• _Your instructions_:
Please write out exactly the lines of the data below from the line holding "30Pcs18th Birthday Cupcake" through the line holding "在集中学习环节,支部副书记韩", and leave out the rest.

• _Supplied records_:
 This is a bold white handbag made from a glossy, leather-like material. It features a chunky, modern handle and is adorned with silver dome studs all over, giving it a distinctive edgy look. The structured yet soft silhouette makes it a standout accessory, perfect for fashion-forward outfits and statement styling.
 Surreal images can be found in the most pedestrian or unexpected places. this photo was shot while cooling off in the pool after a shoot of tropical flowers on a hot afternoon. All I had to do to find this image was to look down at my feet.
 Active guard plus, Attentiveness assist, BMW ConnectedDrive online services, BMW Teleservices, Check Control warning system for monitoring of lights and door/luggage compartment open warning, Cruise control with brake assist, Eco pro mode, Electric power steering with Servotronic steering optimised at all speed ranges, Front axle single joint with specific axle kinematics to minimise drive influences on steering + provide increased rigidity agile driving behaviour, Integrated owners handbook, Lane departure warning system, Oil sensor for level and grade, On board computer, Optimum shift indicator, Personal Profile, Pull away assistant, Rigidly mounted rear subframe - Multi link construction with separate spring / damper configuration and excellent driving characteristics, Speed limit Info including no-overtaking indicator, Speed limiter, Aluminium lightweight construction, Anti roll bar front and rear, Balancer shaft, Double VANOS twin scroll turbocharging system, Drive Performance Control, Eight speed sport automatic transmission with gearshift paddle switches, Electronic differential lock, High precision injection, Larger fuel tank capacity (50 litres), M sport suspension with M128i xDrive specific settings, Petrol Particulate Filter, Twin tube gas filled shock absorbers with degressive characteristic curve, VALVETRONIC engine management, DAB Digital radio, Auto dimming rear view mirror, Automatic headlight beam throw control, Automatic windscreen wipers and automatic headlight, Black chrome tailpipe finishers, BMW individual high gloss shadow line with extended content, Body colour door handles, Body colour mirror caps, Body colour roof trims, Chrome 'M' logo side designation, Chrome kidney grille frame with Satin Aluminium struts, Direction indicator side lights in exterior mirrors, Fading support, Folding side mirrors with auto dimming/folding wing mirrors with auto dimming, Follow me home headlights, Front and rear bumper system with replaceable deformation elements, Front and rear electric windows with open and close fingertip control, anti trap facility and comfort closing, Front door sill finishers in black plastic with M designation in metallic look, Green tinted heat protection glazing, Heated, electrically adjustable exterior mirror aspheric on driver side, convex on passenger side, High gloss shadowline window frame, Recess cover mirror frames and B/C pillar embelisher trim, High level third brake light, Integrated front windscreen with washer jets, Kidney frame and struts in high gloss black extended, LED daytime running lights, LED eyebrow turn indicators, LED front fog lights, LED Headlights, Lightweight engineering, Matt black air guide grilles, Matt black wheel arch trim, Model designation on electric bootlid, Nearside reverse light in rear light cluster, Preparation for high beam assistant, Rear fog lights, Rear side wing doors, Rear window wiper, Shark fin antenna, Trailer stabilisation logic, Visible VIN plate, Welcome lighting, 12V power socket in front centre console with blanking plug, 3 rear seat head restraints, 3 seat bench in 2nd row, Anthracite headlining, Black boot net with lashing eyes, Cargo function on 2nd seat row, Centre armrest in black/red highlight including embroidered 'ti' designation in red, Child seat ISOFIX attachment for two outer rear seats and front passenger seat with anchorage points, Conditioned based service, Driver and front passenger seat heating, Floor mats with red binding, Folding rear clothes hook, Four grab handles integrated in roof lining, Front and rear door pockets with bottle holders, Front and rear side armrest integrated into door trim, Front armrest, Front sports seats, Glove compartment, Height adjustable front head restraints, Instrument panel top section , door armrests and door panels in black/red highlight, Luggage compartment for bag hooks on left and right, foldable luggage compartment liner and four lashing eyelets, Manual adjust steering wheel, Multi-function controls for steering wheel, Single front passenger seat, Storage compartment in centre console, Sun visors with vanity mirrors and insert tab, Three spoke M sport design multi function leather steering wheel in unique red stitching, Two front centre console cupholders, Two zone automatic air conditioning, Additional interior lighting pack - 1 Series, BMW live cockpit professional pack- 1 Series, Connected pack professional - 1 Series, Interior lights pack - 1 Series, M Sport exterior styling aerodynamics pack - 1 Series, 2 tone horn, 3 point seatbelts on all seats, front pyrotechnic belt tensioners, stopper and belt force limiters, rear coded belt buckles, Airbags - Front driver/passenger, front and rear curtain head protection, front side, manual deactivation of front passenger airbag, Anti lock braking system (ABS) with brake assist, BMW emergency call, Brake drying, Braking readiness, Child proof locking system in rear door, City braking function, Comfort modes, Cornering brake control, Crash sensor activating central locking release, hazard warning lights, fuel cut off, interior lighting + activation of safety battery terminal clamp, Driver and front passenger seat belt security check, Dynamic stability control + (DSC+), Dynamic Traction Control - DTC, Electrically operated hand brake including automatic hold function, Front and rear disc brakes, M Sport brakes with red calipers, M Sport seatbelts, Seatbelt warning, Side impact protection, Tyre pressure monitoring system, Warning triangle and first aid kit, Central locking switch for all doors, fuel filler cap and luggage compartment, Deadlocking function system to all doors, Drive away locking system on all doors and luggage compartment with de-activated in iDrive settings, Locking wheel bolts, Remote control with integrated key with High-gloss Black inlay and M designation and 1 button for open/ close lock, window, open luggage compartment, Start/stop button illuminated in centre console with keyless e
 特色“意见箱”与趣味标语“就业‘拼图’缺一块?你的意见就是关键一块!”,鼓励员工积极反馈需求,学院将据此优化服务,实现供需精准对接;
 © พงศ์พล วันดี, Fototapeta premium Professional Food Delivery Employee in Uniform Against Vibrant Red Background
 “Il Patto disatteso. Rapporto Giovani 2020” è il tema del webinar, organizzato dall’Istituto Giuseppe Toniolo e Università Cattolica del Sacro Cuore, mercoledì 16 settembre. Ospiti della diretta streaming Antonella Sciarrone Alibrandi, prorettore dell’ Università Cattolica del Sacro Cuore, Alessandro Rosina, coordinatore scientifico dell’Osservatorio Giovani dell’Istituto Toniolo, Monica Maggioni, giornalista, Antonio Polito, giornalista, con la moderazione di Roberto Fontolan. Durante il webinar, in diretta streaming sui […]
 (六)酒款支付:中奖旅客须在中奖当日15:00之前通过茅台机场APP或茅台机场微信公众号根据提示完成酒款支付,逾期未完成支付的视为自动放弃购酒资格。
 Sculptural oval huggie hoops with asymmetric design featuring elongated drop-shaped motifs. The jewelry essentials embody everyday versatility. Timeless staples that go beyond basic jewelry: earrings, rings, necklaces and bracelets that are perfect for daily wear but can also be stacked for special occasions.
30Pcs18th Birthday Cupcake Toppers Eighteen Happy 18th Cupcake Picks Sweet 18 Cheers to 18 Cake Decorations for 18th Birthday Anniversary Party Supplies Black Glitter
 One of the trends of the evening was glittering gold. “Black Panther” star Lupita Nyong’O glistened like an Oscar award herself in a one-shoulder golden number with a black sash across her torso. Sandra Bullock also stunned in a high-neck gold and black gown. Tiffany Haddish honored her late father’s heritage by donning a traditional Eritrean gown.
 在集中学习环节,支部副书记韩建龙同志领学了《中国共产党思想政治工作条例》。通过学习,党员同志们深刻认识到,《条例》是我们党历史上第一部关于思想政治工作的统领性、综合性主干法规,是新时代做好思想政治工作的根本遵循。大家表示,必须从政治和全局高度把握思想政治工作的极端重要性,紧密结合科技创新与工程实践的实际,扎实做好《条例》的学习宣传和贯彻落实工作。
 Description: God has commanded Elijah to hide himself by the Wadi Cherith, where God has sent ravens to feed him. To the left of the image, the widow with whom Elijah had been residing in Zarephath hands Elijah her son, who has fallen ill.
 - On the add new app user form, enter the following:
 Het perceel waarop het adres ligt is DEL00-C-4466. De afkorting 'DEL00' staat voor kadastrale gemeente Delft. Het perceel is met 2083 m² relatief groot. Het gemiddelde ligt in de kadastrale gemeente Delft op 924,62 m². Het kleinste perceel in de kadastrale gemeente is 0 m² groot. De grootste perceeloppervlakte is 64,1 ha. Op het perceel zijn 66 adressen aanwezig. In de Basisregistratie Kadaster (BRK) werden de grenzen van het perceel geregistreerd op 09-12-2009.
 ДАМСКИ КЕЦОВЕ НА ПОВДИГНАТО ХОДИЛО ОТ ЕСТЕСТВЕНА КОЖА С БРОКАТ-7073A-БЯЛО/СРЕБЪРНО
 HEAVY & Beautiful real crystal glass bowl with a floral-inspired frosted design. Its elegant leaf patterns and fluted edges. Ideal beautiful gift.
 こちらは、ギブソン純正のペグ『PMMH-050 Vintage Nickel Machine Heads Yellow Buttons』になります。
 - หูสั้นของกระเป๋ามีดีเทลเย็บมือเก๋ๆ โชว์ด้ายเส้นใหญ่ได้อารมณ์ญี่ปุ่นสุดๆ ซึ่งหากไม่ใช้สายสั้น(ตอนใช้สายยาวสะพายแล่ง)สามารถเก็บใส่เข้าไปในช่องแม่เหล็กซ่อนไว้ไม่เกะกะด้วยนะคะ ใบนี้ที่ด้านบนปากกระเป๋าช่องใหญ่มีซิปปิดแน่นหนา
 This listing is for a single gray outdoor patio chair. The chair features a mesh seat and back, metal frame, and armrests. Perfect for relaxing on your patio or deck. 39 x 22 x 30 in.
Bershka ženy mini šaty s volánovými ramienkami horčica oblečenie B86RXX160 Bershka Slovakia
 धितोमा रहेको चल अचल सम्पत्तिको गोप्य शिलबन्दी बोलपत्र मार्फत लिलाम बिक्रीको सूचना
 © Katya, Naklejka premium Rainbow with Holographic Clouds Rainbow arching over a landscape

• _Solution_:
30Pcs18th Birthday Cupcake Toppers Eighteen Happy 18th Cupcake Picks Sweet 18 Cheers to 18 Cake Decorations for 18th Birthday Anniversary Party Supplies Black Glitter
 One of the trends of the evening was glittering gold. “Black Panther” star Lupita Nyong’O glistened like an Oscar award herself in a one-shoulder golden number with a black sash across her torso. Sandra Bullock also stunned in a high-neck gold and black gown. Tiffany Haddish honored her late father’s heritage by donning a traditional Eritrean gown.
 在集中学习环节,支部副书记韩建龙同志领学了《中国共产党思想政治工作条例》。通过学习,党员同志们深刻认识到,《条例》是我们党历史上第一部关于思想政治工作的统领性、综合性主干法规,是新时代做好思想政治工作的根本遵循。大家表示,必须从政治和全局高度把握思想政治工作的极端重要性,紧密结合科技创新与工程实践的实际,扎实做好《条例》的学习宣传和贯彻落实工作。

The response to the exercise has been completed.